Although he’d never admit it, Hot Rock not only liked flying welded wing, he preferred the wingman slot. It was challenging from a piloting standpoint, because a wingman had to not only anticipate his lead’s movements so as to maintain proper relative position on her, but do so while constantly scanning the surrounding sky for enemies.
This meant the wingman had to leave the most crucial battle decisions up to the lead.
And that was fine with Hot Rock, because such an arrangement almost eliminated the possibility that he might make a bad tactical error.
He followed Lobo as she flew a grid search pattern, drawing an invisible tic-tac-toe board over the approximate area where the business jet had gone down. Looking down at the water, Hot Rock glimpsed the occasional fleck that was a drifting cushion or other piece of flotsam. He was hoping to see a flare or spreading dye marker, or even a life raft. Nothing.
Of course, it was difficult to concentrate on searching the water, because he and Lobo were not alone in the air. Apart from the eight bogeys far overhead, two more were hurtling around at virtually this same altitude, probably conducting their own search. Twice already, Hot Rock had gotten a much closer look at them than he would have preferred as the Flankers cut across the Tomcats’ path.
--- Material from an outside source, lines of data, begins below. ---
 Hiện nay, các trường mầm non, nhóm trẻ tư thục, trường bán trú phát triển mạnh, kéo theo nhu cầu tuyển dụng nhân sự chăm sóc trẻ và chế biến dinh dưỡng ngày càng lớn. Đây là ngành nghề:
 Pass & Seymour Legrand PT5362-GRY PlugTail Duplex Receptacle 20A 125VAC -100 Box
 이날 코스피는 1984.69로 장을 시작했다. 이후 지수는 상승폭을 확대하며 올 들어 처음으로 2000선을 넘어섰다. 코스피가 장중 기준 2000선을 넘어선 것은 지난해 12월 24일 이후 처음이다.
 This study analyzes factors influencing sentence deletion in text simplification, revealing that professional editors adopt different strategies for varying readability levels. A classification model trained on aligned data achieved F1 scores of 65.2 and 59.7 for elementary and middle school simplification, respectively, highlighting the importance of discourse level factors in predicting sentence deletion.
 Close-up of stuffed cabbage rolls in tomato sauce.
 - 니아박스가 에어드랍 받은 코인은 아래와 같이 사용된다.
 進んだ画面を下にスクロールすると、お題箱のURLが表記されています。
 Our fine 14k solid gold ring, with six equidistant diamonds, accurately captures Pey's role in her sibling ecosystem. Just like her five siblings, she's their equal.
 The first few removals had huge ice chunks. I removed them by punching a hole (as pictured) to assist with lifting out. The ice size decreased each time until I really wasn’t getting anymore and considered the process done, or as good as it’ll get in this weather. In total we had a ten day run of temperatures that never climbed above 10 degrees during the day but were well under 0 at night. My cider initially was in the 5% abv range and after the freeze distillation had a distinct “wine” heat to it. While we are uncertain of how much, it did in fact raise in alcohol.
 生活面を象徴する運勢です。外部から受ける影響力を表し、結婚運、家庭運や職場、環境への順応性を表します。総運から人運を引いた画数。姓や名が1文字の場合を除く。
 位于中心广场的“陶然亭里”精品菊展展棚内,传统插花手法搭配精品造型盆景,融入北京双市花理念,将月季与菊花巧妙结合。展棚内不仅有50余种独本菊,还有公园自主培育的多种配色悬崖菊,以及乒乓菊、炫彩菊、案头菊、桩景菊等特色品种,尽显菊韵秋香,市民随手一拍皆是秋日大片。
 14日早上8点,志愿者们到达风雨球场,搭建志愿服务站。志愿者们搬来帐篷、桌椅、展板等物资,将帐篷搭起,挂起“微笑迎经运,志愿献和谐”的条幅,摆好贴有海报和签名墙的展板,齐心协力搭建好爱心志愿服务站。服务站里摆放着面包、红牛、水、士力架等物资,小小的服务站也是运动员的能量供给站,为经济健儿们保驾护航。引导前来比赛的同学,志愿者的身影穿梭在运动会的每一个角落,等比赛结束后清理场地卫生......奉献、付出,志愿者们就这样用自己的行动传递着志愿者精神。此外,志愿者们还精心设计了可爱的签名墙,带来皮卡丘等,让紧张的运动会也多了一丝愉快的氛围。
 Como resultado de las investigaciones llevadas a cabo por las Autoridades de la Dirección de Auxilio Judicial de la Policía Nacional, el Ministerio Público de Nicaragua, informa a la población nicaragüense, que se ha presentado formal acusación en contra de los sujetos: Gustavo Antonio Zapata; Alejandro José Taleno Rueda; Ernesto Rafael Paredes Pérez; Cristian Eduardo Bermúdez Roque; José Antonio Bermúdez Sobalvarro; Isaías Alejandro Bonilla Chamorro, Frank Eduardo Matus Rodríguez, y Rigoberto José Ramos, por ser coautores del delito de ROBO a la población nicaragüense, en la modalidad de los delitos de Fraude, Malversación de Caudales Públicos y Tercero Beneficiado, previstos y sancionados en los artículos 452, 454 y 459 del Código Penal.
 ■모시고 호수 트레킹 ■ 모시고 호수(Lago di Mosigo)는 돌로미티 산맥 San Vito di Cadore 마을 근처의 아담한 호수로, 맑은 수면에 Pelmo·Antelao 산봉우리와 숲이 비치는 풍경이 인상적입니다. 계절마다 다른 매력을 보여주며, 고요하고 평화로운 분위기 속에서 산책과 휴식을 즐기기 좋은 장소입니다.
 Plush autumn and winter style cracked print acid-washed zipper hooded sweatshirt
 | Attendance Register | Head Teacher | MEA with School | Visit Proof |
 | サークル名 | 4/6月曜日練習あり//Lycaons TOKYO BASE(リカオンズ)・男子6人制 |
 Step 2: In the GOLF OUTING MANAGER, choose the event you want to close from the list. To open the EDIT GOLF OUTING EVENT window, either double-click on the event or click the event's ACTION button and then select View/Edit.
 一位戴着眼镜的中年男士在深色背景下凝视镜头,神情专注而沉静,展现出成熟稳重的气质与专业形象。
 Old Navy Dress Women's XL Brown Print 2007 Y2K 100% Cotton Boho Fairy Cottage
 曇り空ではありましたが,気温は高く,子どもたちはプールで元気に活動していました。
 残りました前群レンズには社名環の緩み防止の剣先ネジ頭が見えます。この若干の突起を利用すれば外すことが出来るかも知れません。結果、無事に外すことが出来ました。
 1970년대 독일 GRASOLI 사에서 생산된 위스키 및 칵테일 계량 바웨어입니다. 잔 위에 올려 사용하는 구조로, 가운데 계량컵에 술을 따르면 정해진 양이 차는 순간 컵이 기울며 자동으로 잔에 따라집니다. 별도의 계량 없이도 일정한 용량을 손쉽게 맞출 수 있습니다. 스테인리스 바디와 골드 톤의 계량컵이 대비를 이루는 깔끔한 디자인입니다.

He toggled the radio to tactical. “Viper Leader, they’re going to be just above us on the next pass,” he said.
“I know that.” Lobo’s voice was curt. “Be ready, but ignore them.”
Hot Rock started to reply, then toggled to ICS. “ ‘Be ready, but ignore them’? What’s that supposed to mean?”
“It means to keep your finger over the weapons selector,” Two Tone said. “I’ll let you know when you need it.”
“You mean ‘if.’ ”
“Right.”
“Here they come,” Lobo said, eyes locked on the two Chinese aircraft crossing from her right. She felt sweat prickling her scalp as they closed in, everything moving too fast —
— and then the Flankers thundered overhead, so close the shock of their passing gave Lobo’s Tomcat a savage yank. For once, she was glad for the tight fit of the cockpit.
“Assholes,” Handyman said dryly.
“Looked like SU-27s,” Lobo said, as if she’d had all day to study the Chinese plane going by. “Guess they left the top-of-the-line fighters in the high-altitude hairball.”
“Yeah. Probably all the missiles these two are carrying are low-budget models, too,” Handyman said. “Now I feel a lot better about having them playing chicken with us. It’s — Lobo! Flare at two o’clock!”
She looked to her right and saw it, a red spark burning bright and hot even against the sunny sky. She immediately put in a call to the carrier. “Homeplate, Viper Leader. We’ve spotted an emergency flare. Repeat, an emergency flare; looks like it came from the area where the plane went down.”
“Viper Leader, this is Admiral Wayne. Maintain overhead orbit until SAR arrives. Don’t start anything, but make it clear we’re involved, understood?”